Other enzymes involved in the formation of hippurate may play a role in treatment with SB. Newborn children, due to a delayed development of hepatic and renal glycine-N-acyltransferase (EC 2.3.2.13), which conjugates benzyl CoA with glycine, may be more vulnerable to benzyl CoA toxicity (30).

The present study shows that increasing PA in the media caused an increase in the CoA levels in HepG2 cells. It also caused an increase in the formation of hippurate at 0.5–2.0 mM glycine.

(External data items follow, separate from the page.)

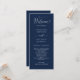 Welcome your guests with this elegant wedding program with delicate calligraphy details. Design in an attractive navy blue background colour and text in white. Add your own details using the template text boxes. If adjustments are needed, use the "Edit Using Design Tool" button at the end of the template text boxes and make text size, positioning, or style changes on the editor tool to fit your details best.
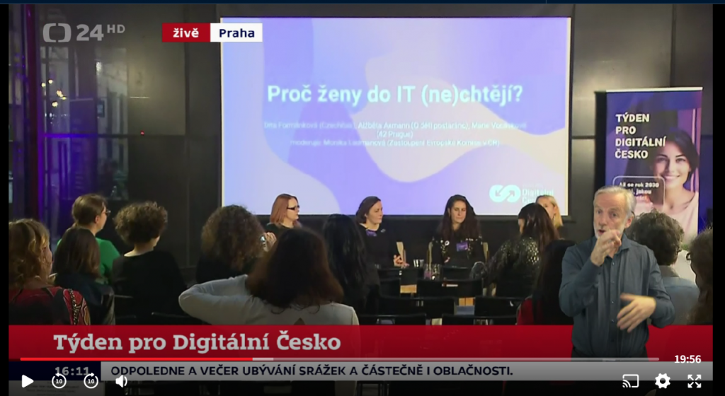 Za naši organizaci se účastnila Alžběta Eli Axmann panelu Proč ženy do IT (ne)chtějí. Spolu s ní diskutovaly:
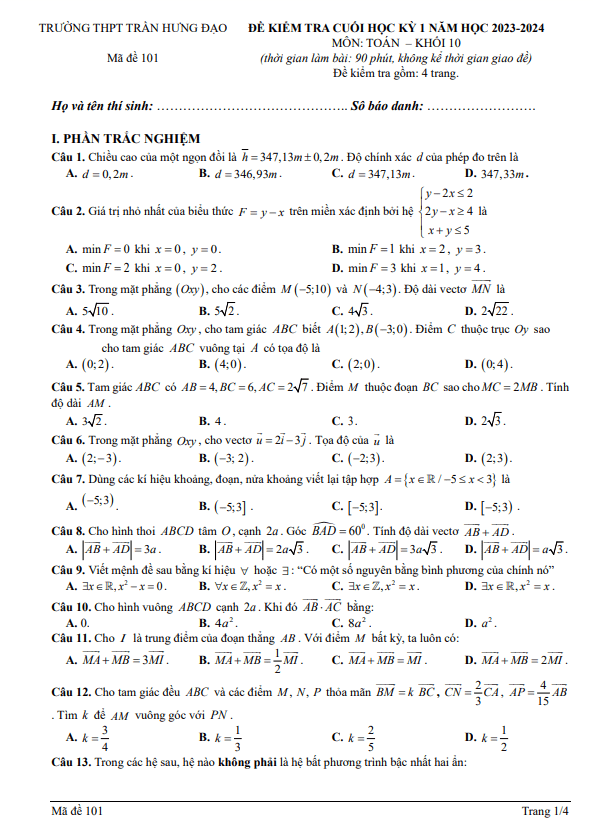 Đề cuối học kỳ 1 Toán lớp 10 năm học 2023 – 2024
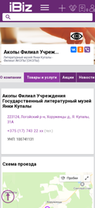 | AI-анализ | The portal akopy.ibiz.by is a branch of the State Literary Museum of Yanaki Kupala, also known as the Literary Museum Yanaki Kupaly - Filial AKOPY (OKOPY). It is located in Horuzheny d., Y. Kupaly, 31A, in Lohisky region, Belarus, with the postal code 223124. The website provides information on the museum's location, contact telephone numbers, and company details, including its Unified State Register number 100741131. The portal features various sections, such as 'News', 'Announcements', 'Actions', and 'Vacancies'. Users can also find information on the museum's opening hours, which are from 10:00 to 17:00 on weekdays, except for |
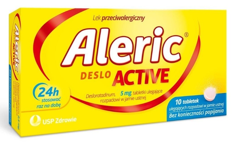 Aleric Deslo Active to lek przeciwalergiczny w postaci tabletek ulegających rozpadowi w jamie ustnej i niewymagający popijania. Aleric Deslo Active nie wywołuje senności i jednocześnie przez cały dzień zmniejsza symptomy alergicznego zapalenia błony śluzowej nosa, takie jak: katar sienny, kichanie lub łzawienie oczu. Lek łagodzi również skórne objawy uczulenia, czyli świąd oraz pokrzywkę. Produkt leczniczy zawiera desloratadynę i można go stosować u osób dorosłych a także u młodzieży powyżej 12 lat.
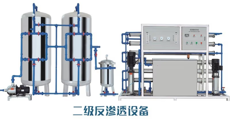 二级RO:进一步处理一级RO产水,提高水质,将产水电导率降至≤5us/cm。
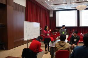 「あなたが心地よいと思うホテルの部屋とは?」というお題で、グループに分かれて理想のホテルの部屋のイメージを絵にします。
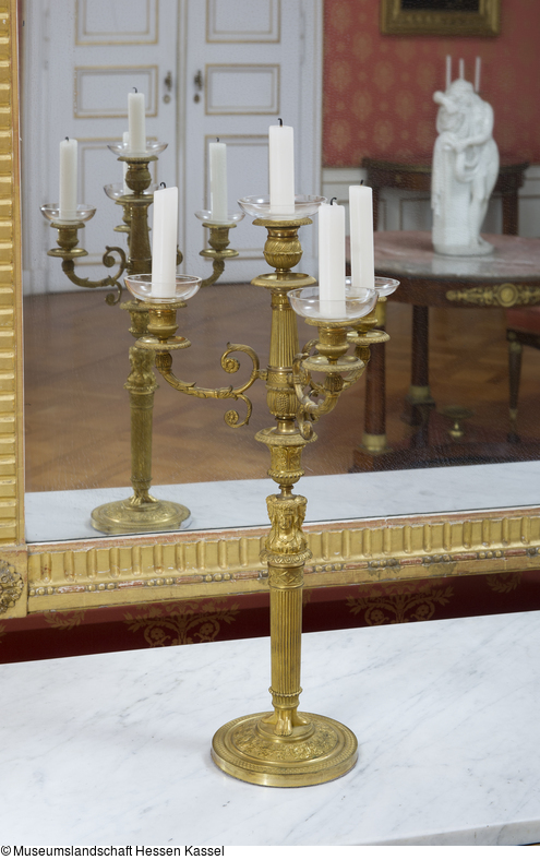 Vierflammiger Leuchter auf Rundfuß mit Efeukranz und Rosetten. Hoher gerippter Schaft in ägyptisierender Art, oben drei reliefierte Frauenbüsten, unten drei dazugehörige Fußpaare. Die Köpfe der Frauenbüsten tragen eine trichterförmige Tülle, in die ein ( herausnehmbarer ?) vierflammiger Leuchteraufsatz eingelassen ist. Leuchteraufsatz in Form einer mehrfach gegliederten Säule, davon abzweigend drei gebogte, blattverzierte Leuchterarme, am Ansatz nach unten und oben gebogte Voluten. Blattverzierte Tüllen. Mittig erhöht auf der Säule vasenförmige Tülle mit Blattkranz.
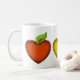 Sötlärarens gåva mugg, med ett rött, en gult och en grönt hjärtformade äpplen. Anpassa för att lägga till egen text.
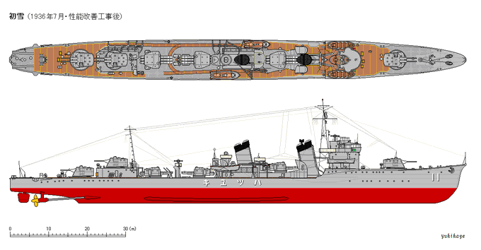 |ヮ')<TLで見かけた艦船を~ ( -.-)ノ͡͡゜ 写真そのものの時期のは描いてなかった… ので手持ち全て貼ったら新造時~最終時の変遷になった (というかそのつもりで描いたやつだった) #駆逐艦 #吹雪型 #初雪

PA supplementation may result in increased formation of hippurate in vivo by increasing CoA levels. This therapy may result in using lower doses of SB and thereby minimizing its toxic effects. Although increased hippurate formation might have been the result of CoA formation, other possibilities, such as direct transcriptional effect of PA on enzymes involved in hippurate synthesis, cannot be eliminated. Further experience will be required to determine the optimal relationships among dosages of PA and SB in the treatment of NKH and hyperammonemia.